= Rebecca de Ruvo =

Swedish TV presenter, actress, artist and model

Rebecca Anna de Ruvo is a Swedish TV presenter, actress, artist and model who is best known as host of the then new MTV Europe during the early 1990s. De Ruvo became known as the first Swedish VJ on MTV.

==Career==
Rebecca De Ruvo started in 1981 as a voice-over artist in the Swedish Christmas series Stjärnhuset. In 1986 she appeared in an episode of the family series Julpussar och Stjärnsmällar.

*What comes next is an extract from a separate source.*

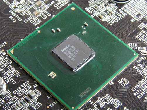 这颗芯片就是未来的中端主力P55,从面积上来P55看非常小。P55芯片不再内置内存控制器和PCI-Express控制器,大部分功能和南桥整合起来,主要负责系统的I/O等功能。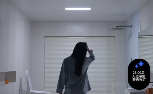 此外,Smart智能人感浴霸还具有“人感夜灯”功能,深夜起身进入浴室,无需摸黑找开关,系统自动点亮柔和主灯与夜灯,为深夜使用场景提供安心照明体验;

De Ruvo began her television career at age nineteen as a reporter in the youth program Druvan in 1988, as her mother Annika de Ruvo was a producer for Swedish Television SVT. In 1990, she presented the chart show MTV's Braun European Top 20 and in 1991, hosted MTV Prime. Beginning 6 April 1992, she led the daily MTV Europe morning show Awake on the Wilde Side as well as the daily viewers voted charts Dial MTV. In addition, she appeared as a guest hostess and cook on MTV's Most Wanted.

De Ruvo founded the music group Breaker in London who published a few single discs on Coalition Records. In 1992, she and Staffan Ling hosted TV4's program Ringling where celebrities took part in various competitions. After leaving MTV, she was the host of the daily music competition Music match on TV3 with Max Lorentz in 1995-96 as a judge. Since then she has not been active in the Swedish media, save for a guest appearance in the TV series Fråga Olle in 1999.

==Personal life==
De Ruvo is the daughter of TV producer Annika de Ruvo, who for many years worked as a TV producer at SVT's children editorial. She has five children and describes herself as a full-time parent.

In 1994, De Ruvo had a relationship with Oasis guitarist Noel Gallagher.